Next, the surface properties of the oxide film of the present embodiment will be described. The oxide film according to this embodiment preferably has a surface shape represented by the following (1) to (3).

(1) The arithmetic mean roughness Ra of the roughness curve obtained by applying the cutoff values of λs = 2.5 μm and λc = 0.08 mm shall be in the range of 0.20 to 7.0 μm.
(2) The difference (R _ZJIS- Rc) between the ten-point average roughness R _{ZJIS of the} above-mentioned roughness curve and the average height Rc of the contour curve element is 0.5 μm or more.
(3) The root mean square slope RΔq measured under the conditions of λs = 0 μm and λc = 0 mm is 20 ° or less with respect to a region satisfying 0.8 times or more of the maximum mountain height Rp of the above roughness curve. thing.

(1) Arithmetic mean roughness Ra is 0.25 to 7.0 μm
The oxide film of the present embodiment preferably has an arithmetic average roughness Ra in the range of 0.20 to 7.0 μm. If the arithmetic mean roughness Ra is less than 0.20 μm, the difference between R _ZJIS and Rc (R _ZJIS −Rc) cannot be 0.5 μm or more. Further, if the arithmetic average roughness Ra exceeds 7.0 μm, it may become a starting point of cracking due to bending deformation, which is not preferable. The arithmetic mean roughness Ra of the present embodiment is the arithmetic mean roughness Ra defined in JIS B 0601 (2001), and is the average of the absolute values of the total coordinate values Z (x) in the reference length. is there. The arithmetic mean roughness Ra may be 0.25 to 4.0 μm, 0.25 to 3.0 μm, or 0.25 to 1.0 μm.

The roughness curve, which is the basis for calculating the arithmetic average roughness Ra, is obtained by applying a low-frequency filter with a cutoff value of λc = 0.08 mm to the measured cross-sectional curve of the oxide film, and further this step. The roughness curve is obtained by applying a high frequency filter having a cutoff value of λs = 2.5 μm to the surface curve. The reference length of the roughness curve is a length equal to the cutoff value λc, that is, 0.08 mm.
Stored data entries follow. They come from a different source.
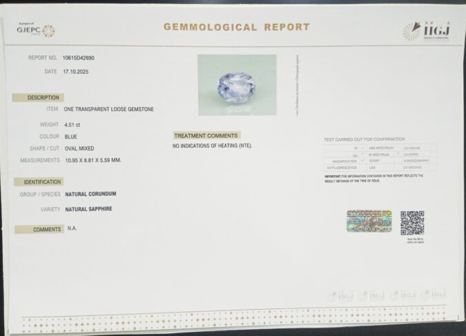 Beautiful 4.51 Cts NATURAL SAPPHIRE (Top++-Mines) sva 5+ Ratti BLUE SAPPHIRE. Free Horoscope & Free Pundit Ji Astrological Advise / Consultation. Original Natural Lab certified gems by IGI GTL / Birth stones / Large Gem Selection of shree shubh Rashi Ratan Vedic dhan at Gem Mines. May Bhagwan Brahma, Vishnu, Shiv & Universe bless you.
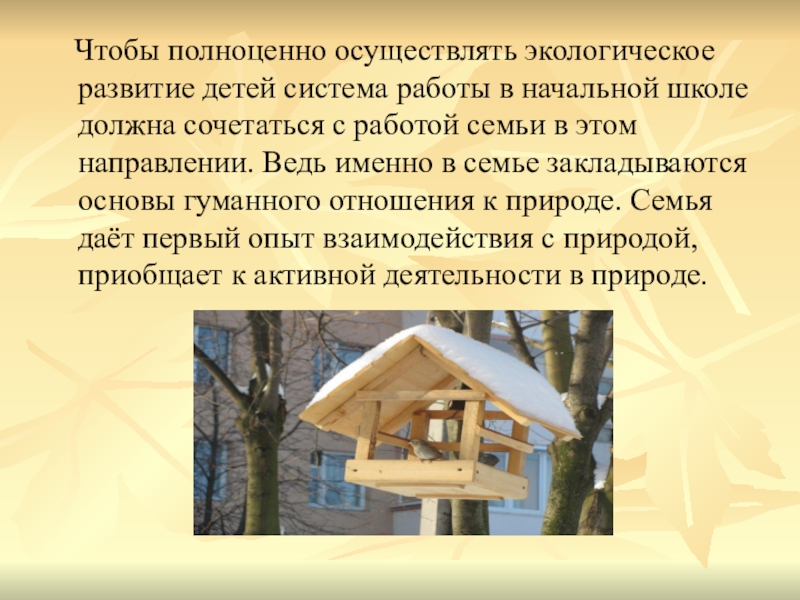 начальной школе должна сочетаться с работой семьи в этом направлении. Ведь именно в семье закладываются основы гуманного отношения к природе. Семья даёт первый опыт взаимодействия с природой, приобщает к активной деятельности в природе.
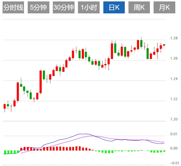 英镑/美元结束了连续四天的上涨,周二欧洲早盘在1.2750附近走低。英镑/美元正处于关键时刻,跌破主要水平的可能性增加了进一步下行压力的可能性。21 天指数移动平均线 (EMA) 位于 1.2684,是需要监控的直接支撑位。
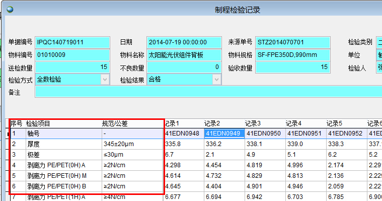 制程檢驗(yàn)記錄表的前3列不會(huì)滾動(dòng)
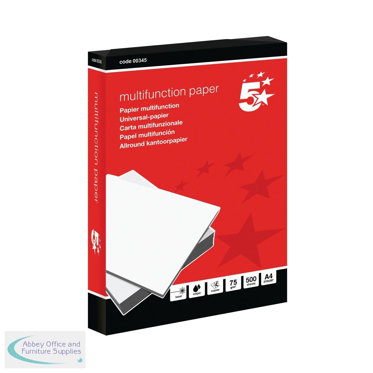 [ 5 Star; Paper; Copier/Inkjet/Laser - Paper A4; Less than 80gsm White/Colour; OEM Code FS00345; EAN 05018206003454; VOW Code FS00345 ]

(2) (R _ZJIS- Rc) is 0.5 μm or more The oxide film of the present embodiment has a difference (R _ZJIS- Rc) between the ten-point average roughness R _{ZJIS of the} roughness curve and the average height Rc of the contour curve element. ) Is preferably 0.5 μm or more. The surface of the oxide film has fine irregularities, and there are many convex portions and many concave portions. By sparsely forming relatively high protrusions (peaks) on the surface of the oxide film, the present inventors always contact the high peaks even if the mold slides on the surface of the oxide film during press molding. It was found that the true contact surface is formed by doing so, and the dynamic friction coefficient can be reduced by making it difficult to form the true contact surface in other places. The present inventor has decided to adopt (R _ZJIS- Rc) as an index indicating that relatively high protrusions (mountains) are sparsely formed on the surface of the oxide film.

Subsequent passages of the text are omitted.